In re Anonymous No. 28 D.B. 80, 29 D.B. 80, 30 D.B. 80

22 Pa. D. & C.3d 662
CourtSupreme Court of Pennsylvania
DecidedJune 29, 1982
DocketDisciplinary Board Docket nos. 28 D.B. 80, 29 D.B. 80, 30 D.B. 80
StatusPublished

This text of 22 Pa. D. & C.3d 662 (In re Anonymous No. 28 D.B. 80, 29 D.B. 80, 30 D.B. 80) is published on Counsel Stack Legal Research, covering Supreme Court of Pennsylvania primary law. Counsel Stack provides free access to over 12 million legal documents including statutes, case law, regulations, and constitutions.

Bluebook
In re Anonymous No. 28 D.B. 80, 29 D.B. 80, 30 D.B. 80, 22 Pa. D. & C.3d 662 (Pa. 1982).

Opinion

HEARING COMMITTEE REPORT

SUMMARY

The hearings referred to herein involve three petitions for discipline filed at nos. 28 D.B. 80, 29 D.B. 80 and 30 D.B. 80, which are substantially identical and which were consolidated for hearing.

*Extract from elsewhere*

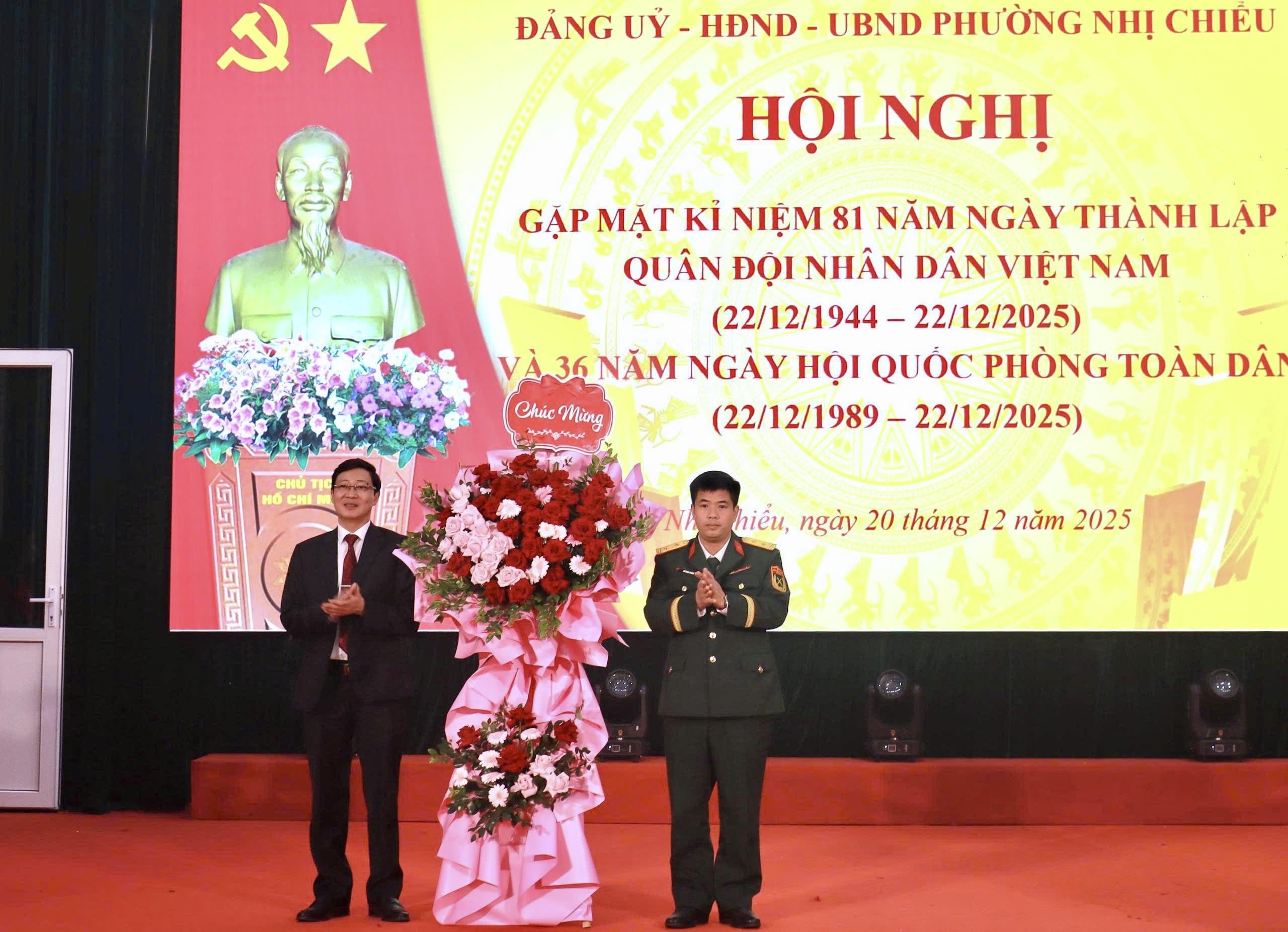 (Haiphong.gov.vn) - Sáng 20/12, Đảng ủy – HĐND – UBND phường Nhị Chiểu tổ chức hội nghị gặp mặt kỷ niệm 81 năm Ngày thành lập Quân đội nhân dân Việt Nam (22/12/1944 – 22/12/2025) và 36 năm Ngày hội Quốc phòng toàn dân.
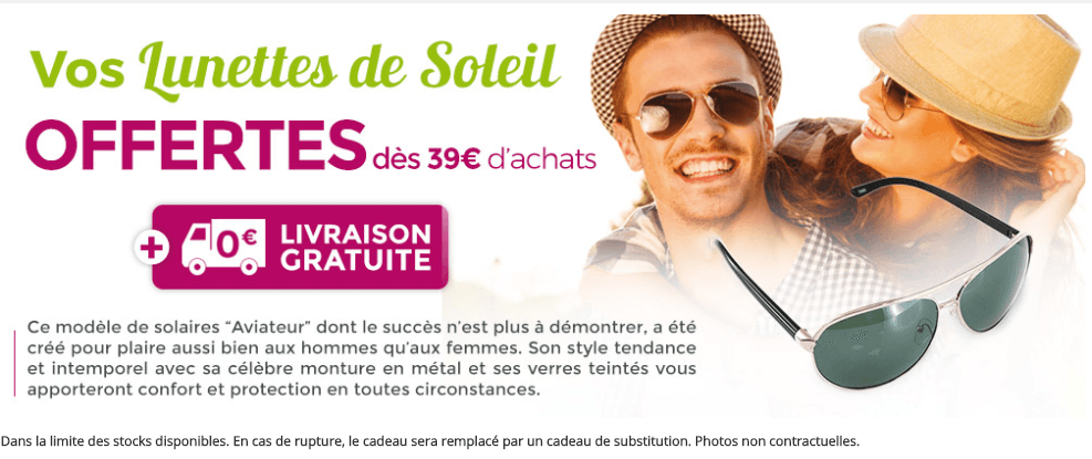 Shoppingnature : lunettes soleil en cadeau/39€ + fdp0 + code 10%

The petitions each contain one charge, namely, that between September or October, 1971 and December, 1974, while the three respondents (each of whom is named in a separate petition) were partners engaged in the practice of law, said respondents regularly paid sums of money to bail bondsmen as compensation for said bondsmen’s referring criminal defendants to respondents. The petitions alleged that over $30,000 was paid by respondents to the bail bondsmen, representing a portion of respondents’ fees in each “referred” case.

Respondents and Disciplinary Counsel entered into a stipulation admitting substantially all of the allegations of the petitions, but respondents moved [663]*663to dismiss said petitions based upon, inter alia, “staleness” and “selective prosecution.” These motions were denied by the committee, which, after the initial hearing on the substantive issues, found that misconduct had occurred. Mitigation hearings then ensued.

The issues are whether respondents’ conduct violated Disciplinary Rules 2-103(B), 2-103(C) and 3-102(A) (Respondents having stipulated that they did engage in the conduct alleged) and in view of the issues raised by respondents and the extensive mitigation testimony received on respondents’ behalf, what if any discipline should be imposed.

The committee finds that respondents have violated Disciplinary Rules 2-103(B) and 3-102(A) and the committee recommends a private reprimand for each respondent.

STATEMENT OF THE CASE

The three petitions for discipline were filed May 28, 1980, alleging that between October, 1971 (more than eight years prior to the date of the petitions)1 and December, 1974, respondents were partners engaged in the practice of law. The petitions further alleged that respondents had an oral agreement with [A, B, C] and other bondsmen to pay sums of money to said bondsmen as a sort of “referral fee” for referring criminal defendants to respondents for representation.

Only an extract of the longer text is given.